She later joined the Habima National Theater, where she starred in plays including Little Eyolf, A Track to Damascus, Anna Karenina, A Simple Story (2016), A Streetcar Named Desire, and Three Sisters. In 2012, she performed in Persona, a co-production between Habima and Munich’s Residence Theatre.

From 2020 to 2024, Dodina was a permanent ensemble member at the Staatstheater Stuttgart in Germany. Upon returning to Israel, she starred as Richard in a 2023 Gesher Theater production of Richard III, directed by Itay Tiran.

== Film and Television Career ==
Dodina has acted in over 50 films and television series. She appeared in four Ophir Awards-winning films: Saint Clara (1996), Circus Palestine (1998), Nina's Tragedies (2004), and several award-winning TV productions including A Touch Away Rehearsals (2020).

She has collaborated with prominent Israeli directors such as Ari Folman, Samuel Maoz, and Hagai Levi. In 2003, she portrayed legendary actress Hanna Rovina in the TV film Was or Wasn't, earning Best Actress at the Warsaw Jewish Film Festival. She won Best Actress at the Haifa International Film Festival for Invisible (2011).

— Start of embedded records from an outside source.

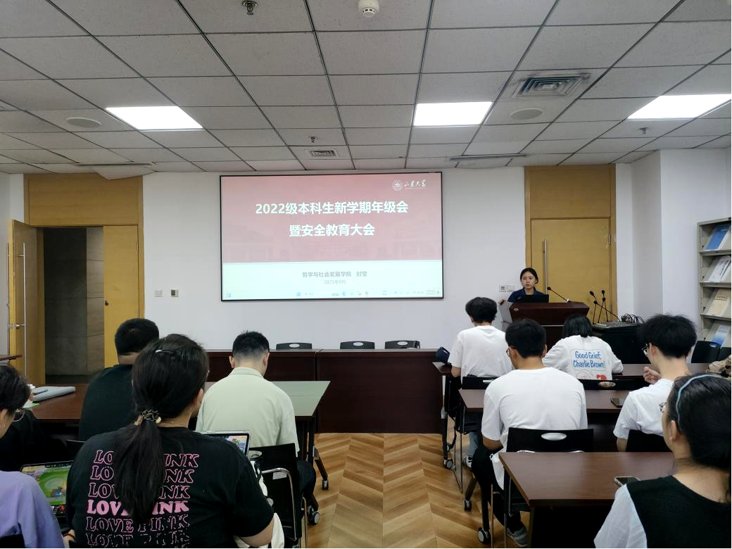 为精准护航2022级本科生顺利毕业,做好新学期各项工作安排,2025年9月3日下午,bet007足球比分 于中心校区知新楼A319召开2022级本科生新学期年级会暨“嘤鸣”系列之高质量就业报告会,辅导员封莹主讲,2022级全体本科生参加。
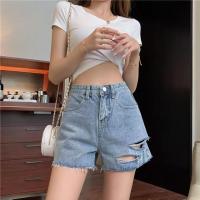 【chunyu】✨破洞印花款式高腰牛仔短裤0388#
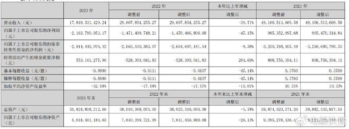 深康佳A发布的最新年报显示,2023 年,公司实现营业收入为 178.49 亿元,同比下降39.71%,实现归属于上市公司股东的净利润为-21.64 亿元,同比下降 47.15%。
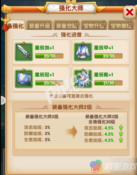 消耗银币可以小幅度的提升装备的基础属性,虽说提升不大但是等级高了之后也是不能小看的,毕竟上阵神将的所有装备加一加战力的提升也是很惊人的。
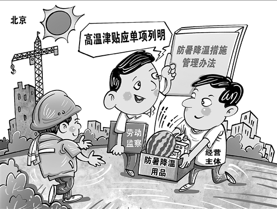 | 针对北京近期连续出现40度高温天气情况,北京市人社局会同市卫健委、市总工会等部门7月7日对高温天气作业劳动权益保障开展专项检查。检查发现,目前高温津贴名称各异,劳动监察人员特别提醒,各经营主体应把高温津贴单项列明,严格执行《防暑降温措施管理办法》,保障安全生产。 新华社 商海春 作 |
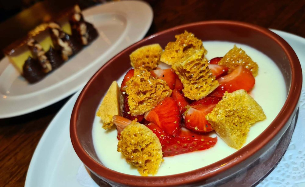 Marinated Strawberries , Yoghurt Panna Cotta and Cinder Toffee – £9.00
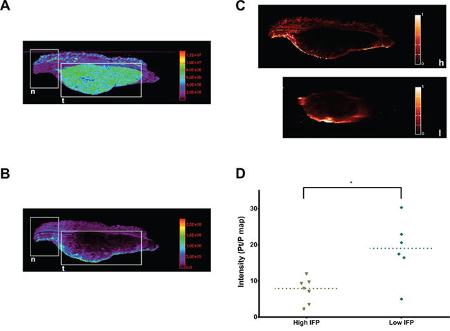 Figure 5: Tumor oxaliplatin distribution. A. LA-ICP-MS color map of tumor P distribution (n = normal tissue, t = tumor). B. LA-ICP-MS color map of tumor Pt (of Oxaliplatin) distribution (n = normal tissue, t = tumor). C. Pt/P maps of a tumor with high IFP (h) and one with low IFP (l). D. Average Pt/P intensity in the tumor peritoneal border region (p = 0.0221, single values, median).
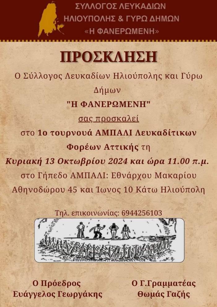 O Σύλλογος Λευκαδίων Ηλιούπολης και Γύρω Δήμων <<Η ΦΑΝΕΡΩΜΕΝΗ>> σας προσκαλεί στο 1o τουρνουά ΑΜΠΑΛΙ Λευκαδίτικων Φορέων Αττικής τη Κυριακή 13 Οκτωβρίου 2024 και ώρα 11.00 π.μ. στο Γήπεδο ΑΜΠΑΛΙ: Εθνάρχου Μακαρίου Αθηνοδώρου 45 και Ίωνος 10 Κάτω Ηλιούπολη.
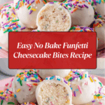 Keywords: No Bake Cheesecake Bites, Funfetti Cheesecake, Cream Cheese Dessert, Easy No Bake Desserts, Party Snacks, Funfetti Cake Mix Recipes
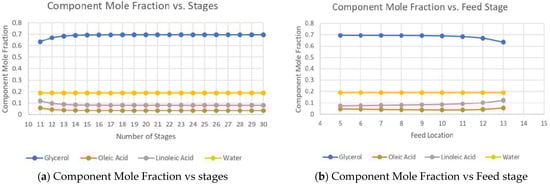 The mole fractions represented in these figures are of the crude glycerol stream, 7. It can be deduced from Figure 4a that, after 15 stages, the amount of glycerol in the top stream has reached its maximum mole fraction, and the acids have reached their minimum value. Similarly, for the second sensitivity analysis, the best feed location is determined to be 5 as shown in Figure 4b.
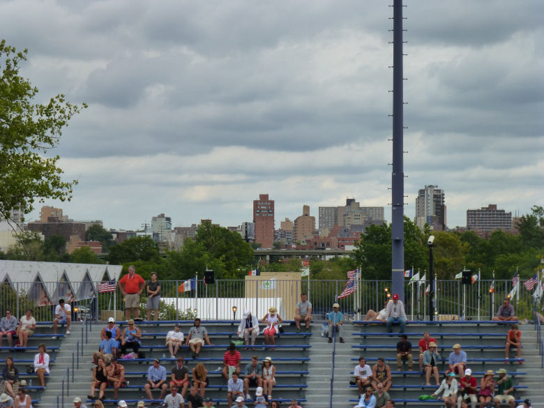 Blickwinkeln des Louis Armstrong Stadium anzusehen. Ein bisschen Tsonga und ein
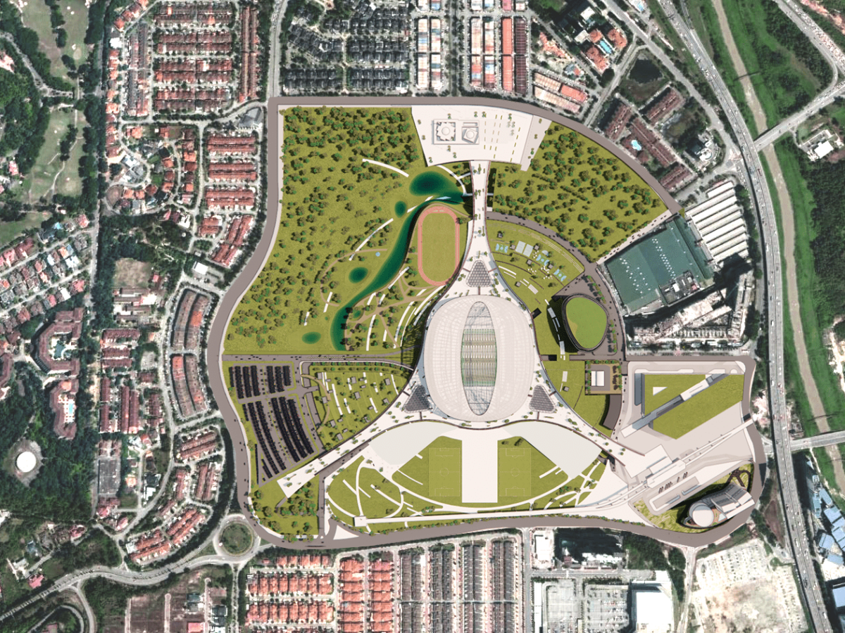 This is something that has been a key focus of the Shah Alam Sports Complex in Malaysia where iconic heritage combines with modern, inclusive elements to meet community needs. The focal point of the new complex, which includes a 45,000 seat stadium, will be a 310,000 square meter green area featuring a botanical garden, running and cycling paths, and walkable spaces. Commercial spaces and community facilities from the northeast will provide further convenience for neighboring residents while a new LRT station will be built on the southeast corner of the site, providing sports fans and the community with direct access to public transport. A second mosque will also be built to the north of the stadium.
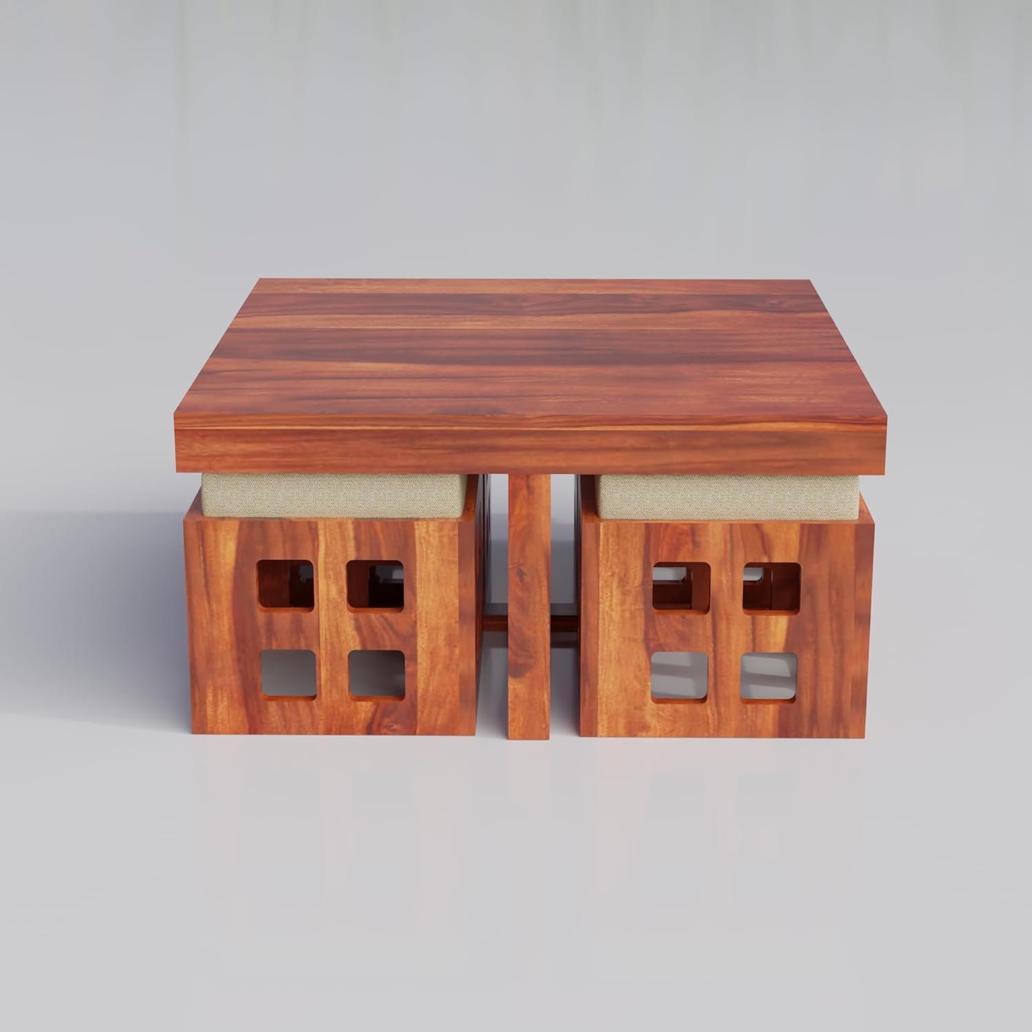 - WOODIO Solid Sheesham Wood Coffee Table With 4 Stool | Square Centre Table With Stool | Center Table With 4 Stools For Living Room | Patio Table With 4 Puffy For Home | Hotel Lounge Table | Rosewood, Dark Walnut Finish, Pre Assembled & Ready To Use
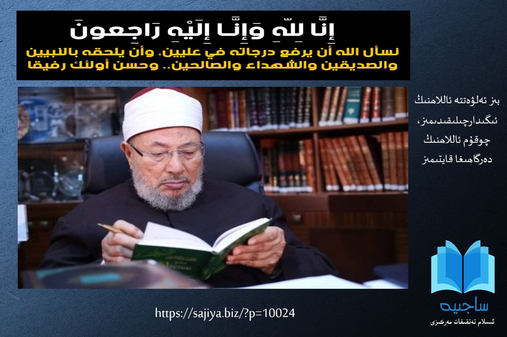 ئالەمى ئىسلام ئەسىرىمىز ئىسلام ئاسمىنىدا چاقنىغان يۇلتۇز، قاراڭغۇ دىللەرنى يورۇتقان قۇياش ۋە تېنەپ – تەمتىرەپ قالغانلارغا يول كۆرسەتكۈچى ماياك، ھەممە ئېتىراپ قىلغان رەببانىي ئالىم ۋە مۇتتەقى بىر ئۆلىماسىدىن ئايرىلدى. ھەممىگە قادىر ھەقتائالادىن ئۆزى بەرگەن ھىجرىي 99 يىللىق ئۆمرىگە قارىي قۇرئانلىق، ھەق يولىنى چىڭ تۇتۇش سەۋەبلىك ئۈچ قېتىملىق زىندان، ھەقىقەتنى نامايىش قىلغانلىقى ئۈچۈن ئۆز كىندىك قېنى تۆكۈلگەن ئانا ۋەتىنىدىن مەجبۇرىي ھىجرەت، شۇنداقلا ئونلاپ كىتاب، مىڭلاپ فەتۋانى سىغدۇرغان مەرھۇم يۈسۈف قەرەداۋىينى مەغپىرەت قىلىشىنى، ئۇنىڭغا رەھىم – شەپقەت قىلىشىنى، ئەڭ ياخشى مۇكاپات بىلەن مۇكاپاتلىشىنى، جەننىتىدىن ئورۇن بېرىشىنى سورايمىز.
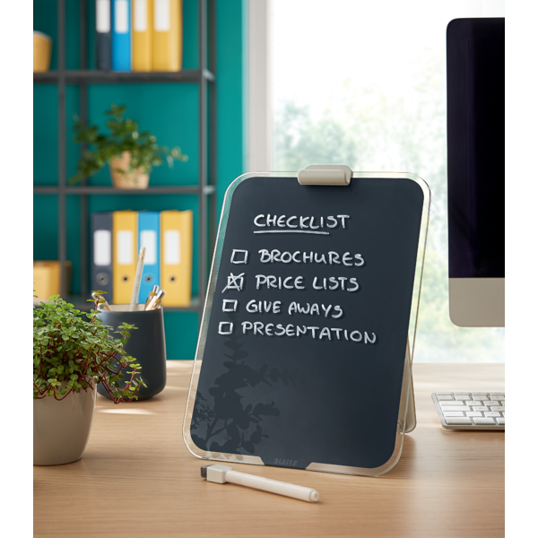 - Szklana tablica suchościeralna jest idealna robienia notatek lub zapisywania przypomnień
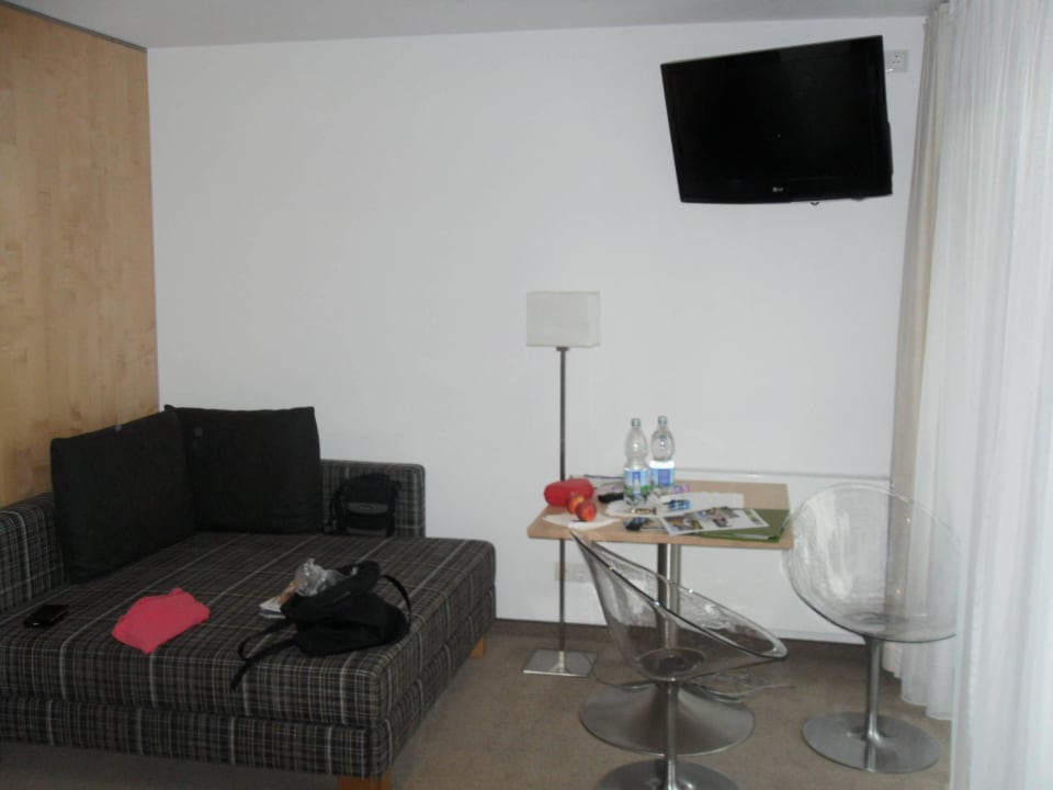 die Sitzecke modern ausgestattet mit gemütlichen Glasstühlen.
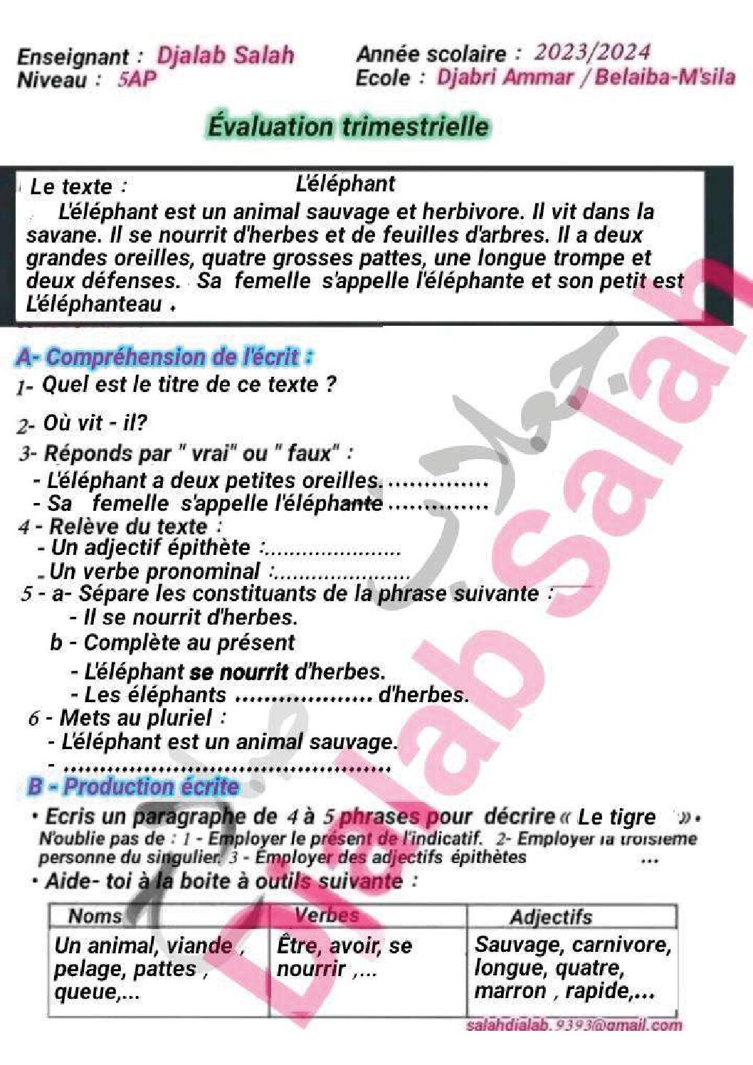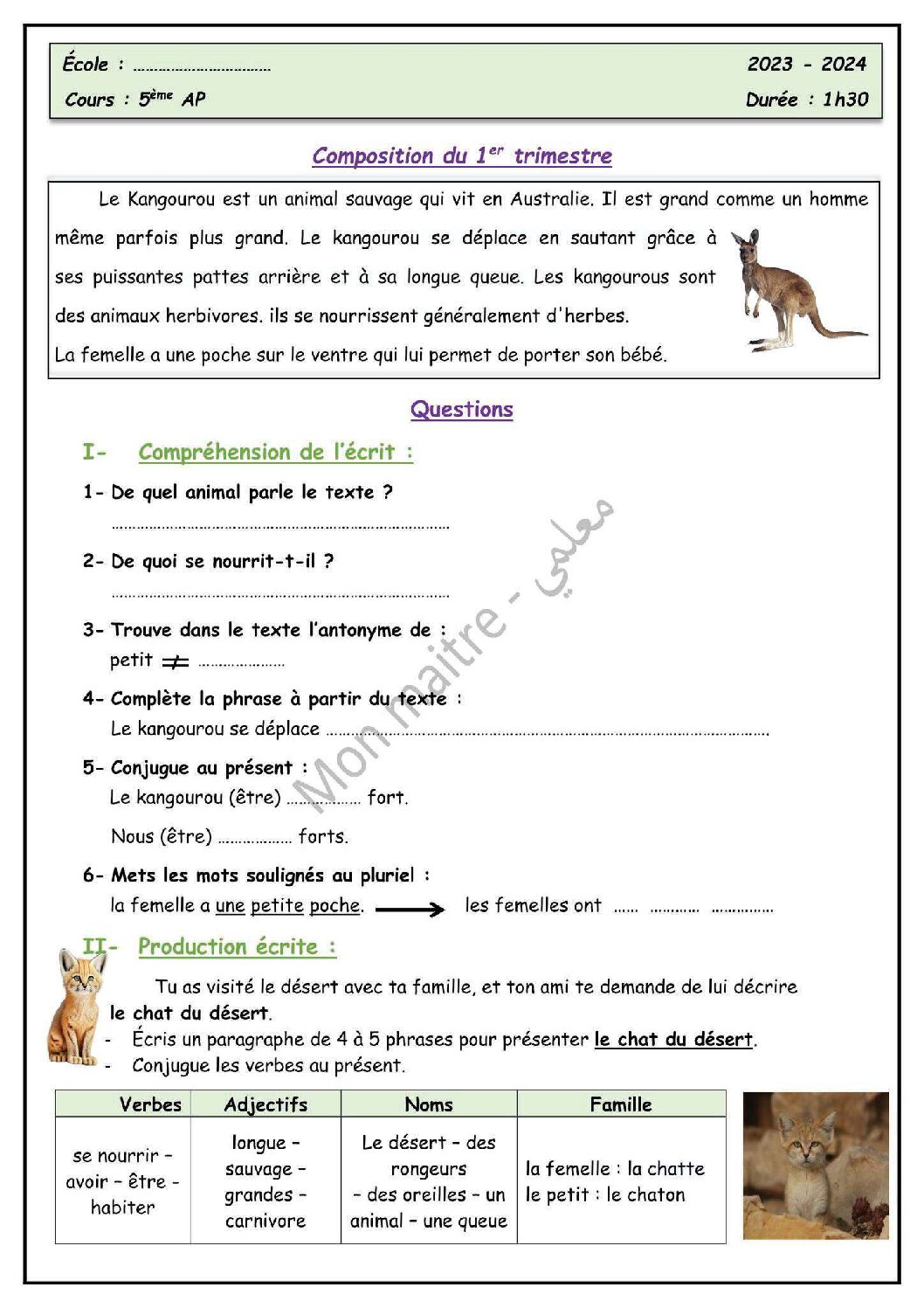 إختبار الفصل الأول في اللغة الفرنسية السنة الخامسة ابتدائي رقم 117 مع التصحيح
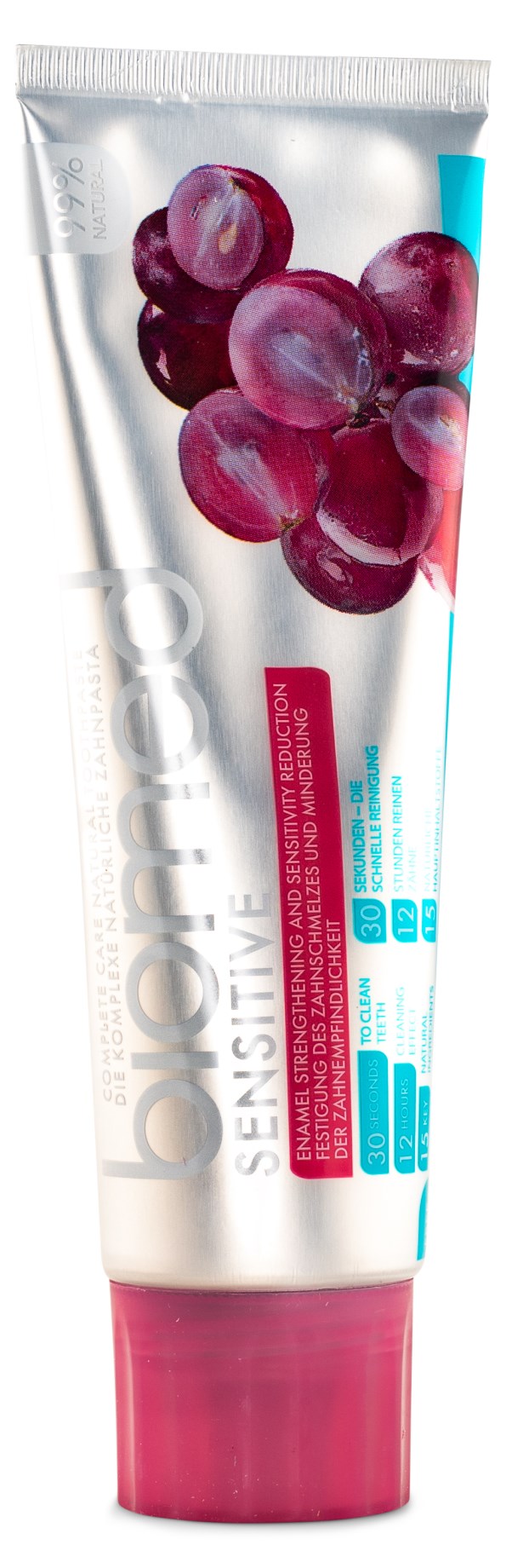 Biomed Hammastahna Sensitive on vegaaninen ja luonnollinen hammastahna sinulle, jolla on erityisen herkät hampaat. Hammastahna puhdistaa hellävaraisesti kuluttamatta hammaskiillettä. Se sisältää öljyä punaviinin rypäleistä ja hydroksiapatiittia, mineraalia, joka auttaa rakentamaan hammaskiillettä. Hammastahnassa on raikas maku, joka tulee sitrusöljystä. Luonnollisten ainesosiensa ansiosta se on täydellinen hammastahna sinulle, joka haluat välttää tarpeettomia lisäaineita hampaidenharjausrutiinissasi.

In 2016, she appeared in One Week and a Day and the short film Anna, both awarded at the Cannes Film Festival. In 2019, she played Tatiana, Villanelle’s mother, in the BBC hit series Killing Eve. Other international credits include The Attack (2012), and In Times of Fading Light (2017).

== Personal life ==
Dodina is married to Israeli musician and composer Avi Benjamin. Their daughter, Anna Benjamin Nedzvetzki, is an actress and pianist.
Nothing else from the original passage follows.